If I worked at a newspaper I'd be doing everything I could in the hope that eBay's stock goes down, because eBay is the classifieds of the future. How much is that worth? Ah, now that's another question.
Maybe less than eBay is selling for now. Maybe more. Push. But if it goes down, the case can be made that eBay will remain proprietary. As for all of the other auction and reverse auction companies out there, I don't know -- there seem to be too many for any or all of them to remain that way.
We think priceline is proprietary because it has lots of patents on a method of buying that seems to have traction with people. Is it worth what it's selling for? As someone who is long priceline, I answer: No, it's worth more. But I have no illusions, it's being brought down by its dot-com legacy.
Sometimes there are a couple of players still duking it out and the winner could be big. Monster.com and HotJobs.com (HOTJ:Nasdaq - news - boards) are in a pitched battle. My money would be on HotJobs when the smoke clears, but the smoke hasn't cleared yet.

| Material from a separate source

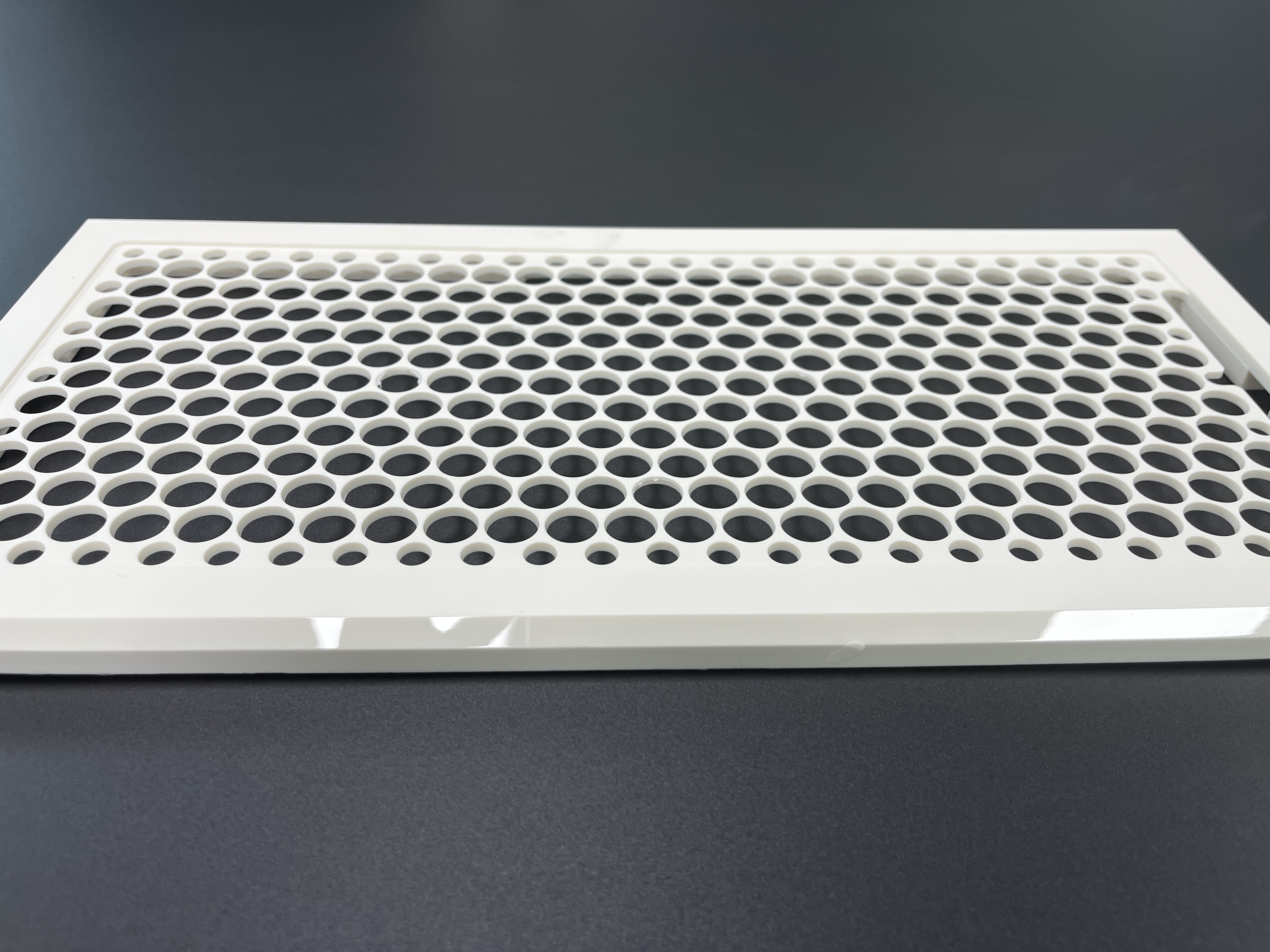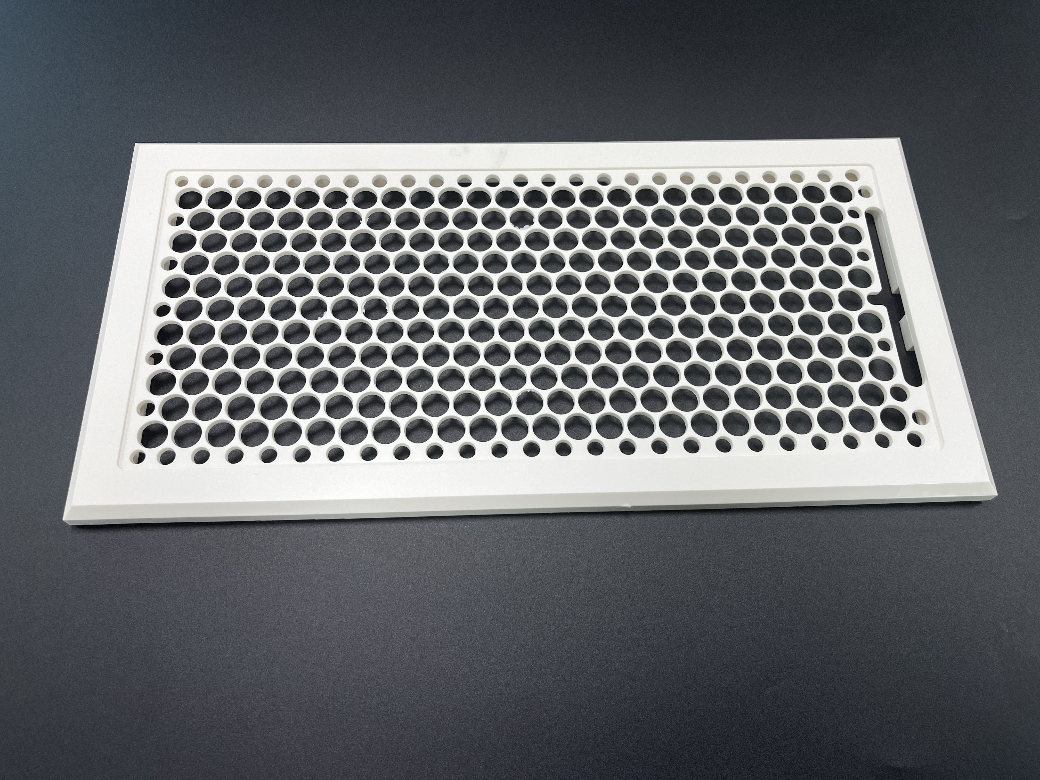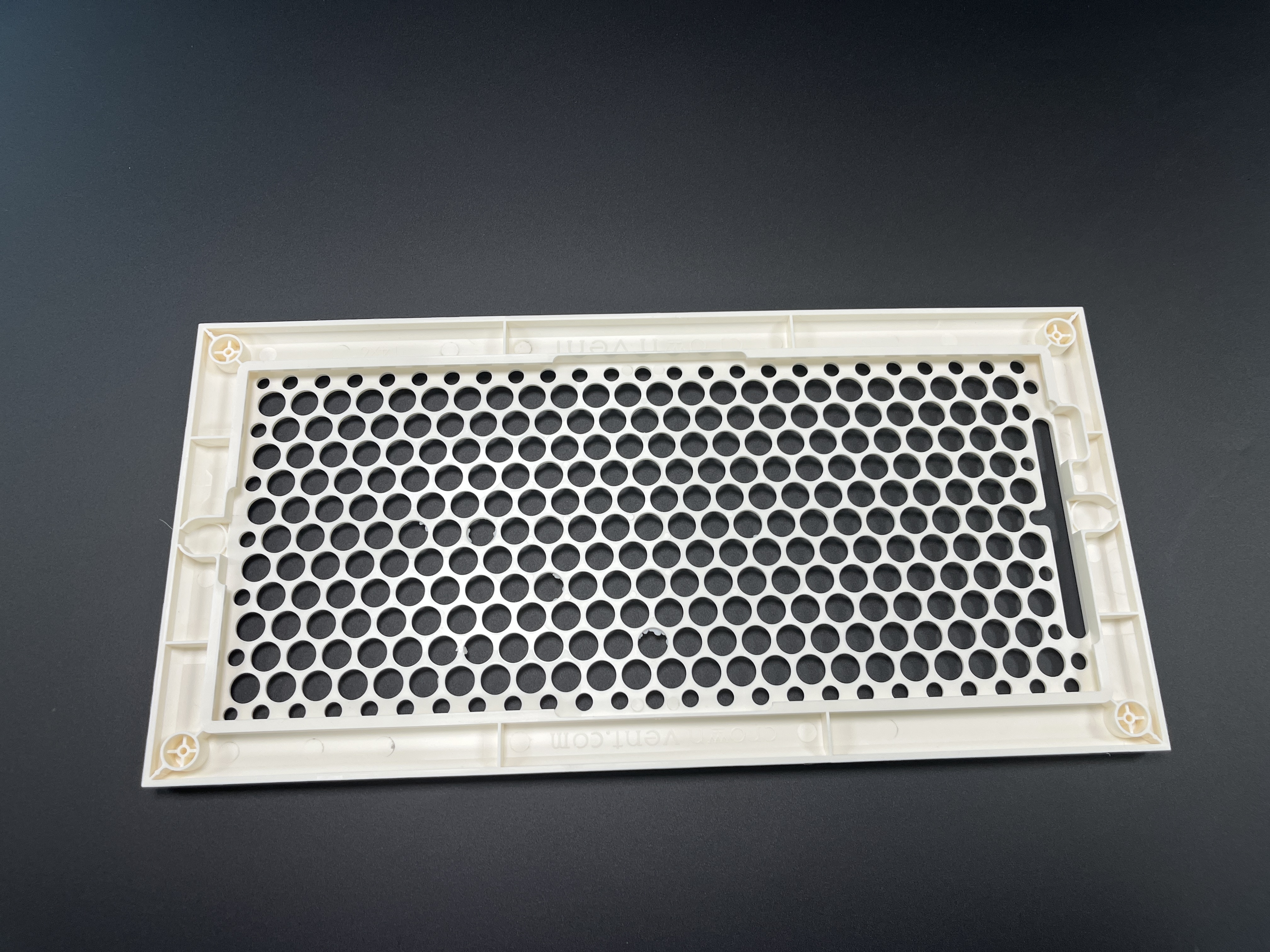 Design: Rectangular frame with honeycomb circular perforations; pre-molded mounting holes

The one thing I am certain about is that all of those well-funded projects that are still on the drawing board or in their last stages before going public will have a rough time going forward, which is the only good news for that sad list of stocks I just recited.
This is why we have to go through this exercise: The surviving companies that can make it to profitability, or at least staunch the flow of losses, are being checked out right now by traditional companies that never got going on the Web. If we can find them before they get bought out, we'll make money either on the takeover game or because they do actually have a shot at profitability.
Watch these next quarters closely. See who is losing less than expected.
See who might get profitable. See who can make it on their own. Any such company is likely to be picked off in the next few months by someone else. And that's what I want to own.